In 1953, C-Types won again, and also placed second and fourth. This time the body was in thinner, lighter aluminium and the original twin H8 sand cast SU carburettors were replaced by three DCO3 40mm Webers, which helped boost power to 220 bhp. Philip Porter mentions additional changes:

Further weight was saved by using a rubber bag fuel tank ... lighter electrical equipment and thinner gauge steel for some of the chassis tubes ... [T]he most significant change to the cars were the triple Weber carburetors and [switch to] disc brakes.

Duncan Hamilton and Tony Rolt won the race at 105.85 mi/h – the first time Le Mans had been won at an average of over 100 mph.

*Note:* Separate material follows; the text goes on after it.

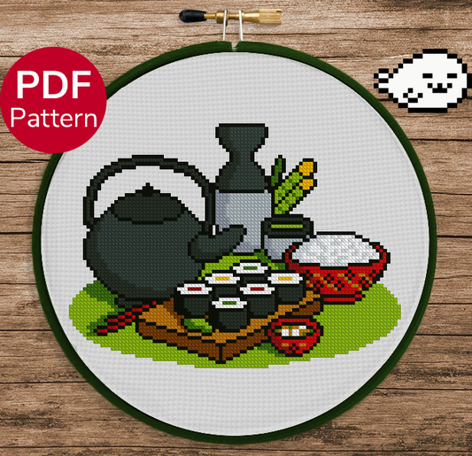 Sushi Roll and Tea - Cross Stitch Pattern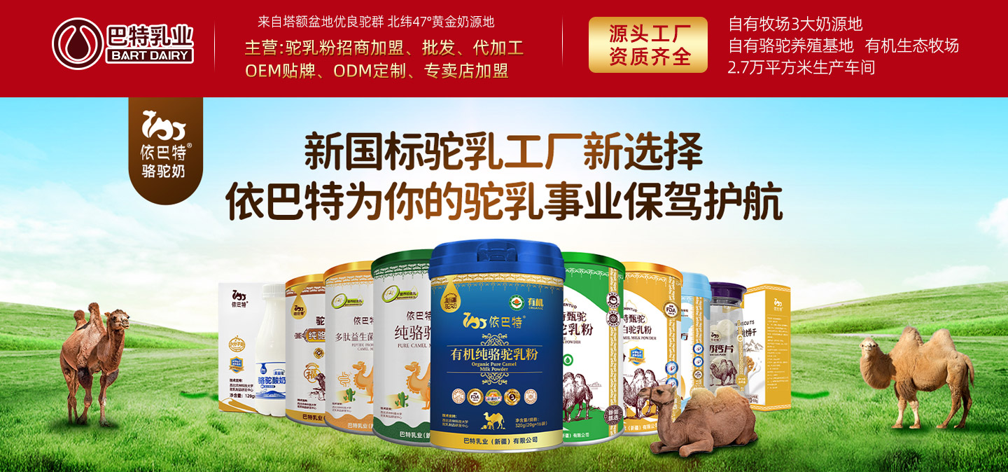 主營產(chǎn)品:依巴特駝乳粉,有機(jī)駝乳粉,純駝奶粉,駝奶鈣片,駱駝酸奶 產(chǎn)品(15個(gè))新聞(1條)

Disc brakes were novel in 1953, and Jaguar's win, partly due to their superiority, set off a scramble to include discs in production cars.

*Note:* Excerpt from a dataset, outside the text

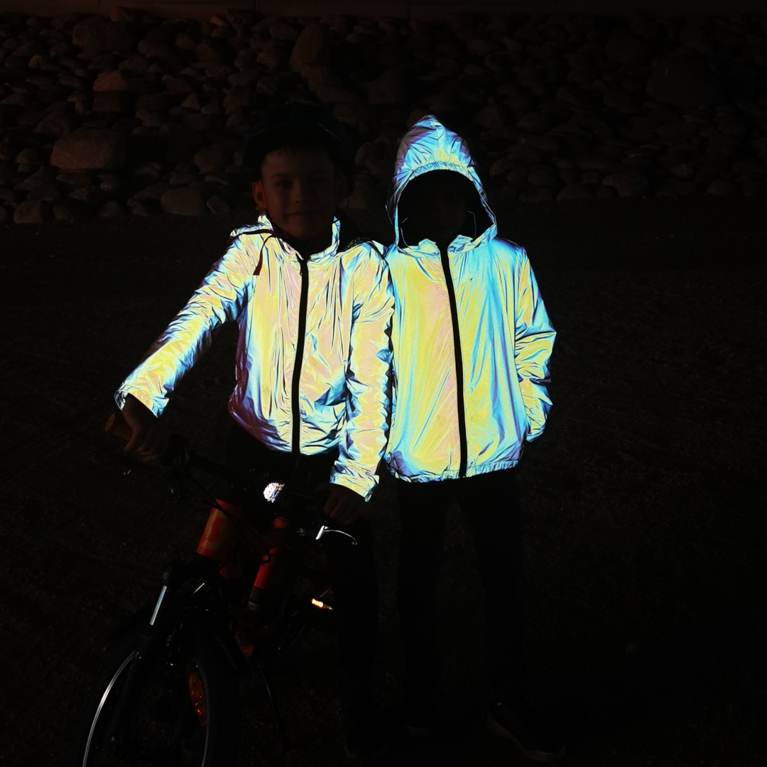 From the range you'll find baby reflective covers with universal cut and coloured children's reflective tops (sizes 116-146). You can also check out our new products and our reflective fabrics.

1954, the C-Type's final year at Le Mans, saw a fourth place by the Ecurie Francorchamps entry driven by Roger Laurent and Jacques Swaters.

==Values==
When new, the car sold for about $6,000, approximately twice the price of an XK120. In an article in the 11 June 2003 issue of Autocar magazine ("Slick Cat Jaguar", p. 70) the value of a "genuine, healthy" C-Type is estimated as £400,000, and the value of the 1953 Le Mans winner is about £2 million; replicas are available from a variety of sources from £40,000. A C-Type once owned and raced by Phil Hill sold at an American auction in August 2009 for $2,530,000 and another C-type was sold at the Pebble Beach auction in 2012 for $3,725,000, Recently an unrestored C-Type that raced at Le Mans has sold for £5,715,580, during the Grand Prix Historique race meeting in Monaco. In August 2015, an ex-Ecurie Ecosse Lightweight C-type, chassis XKC052 and the second of only three works lightweights, driven by Peter Whitehead and Ian Stewart to fourth at the 1953 Le Mans 24 Hours, fetched $13.2 million (£8.4 million) at auction in California.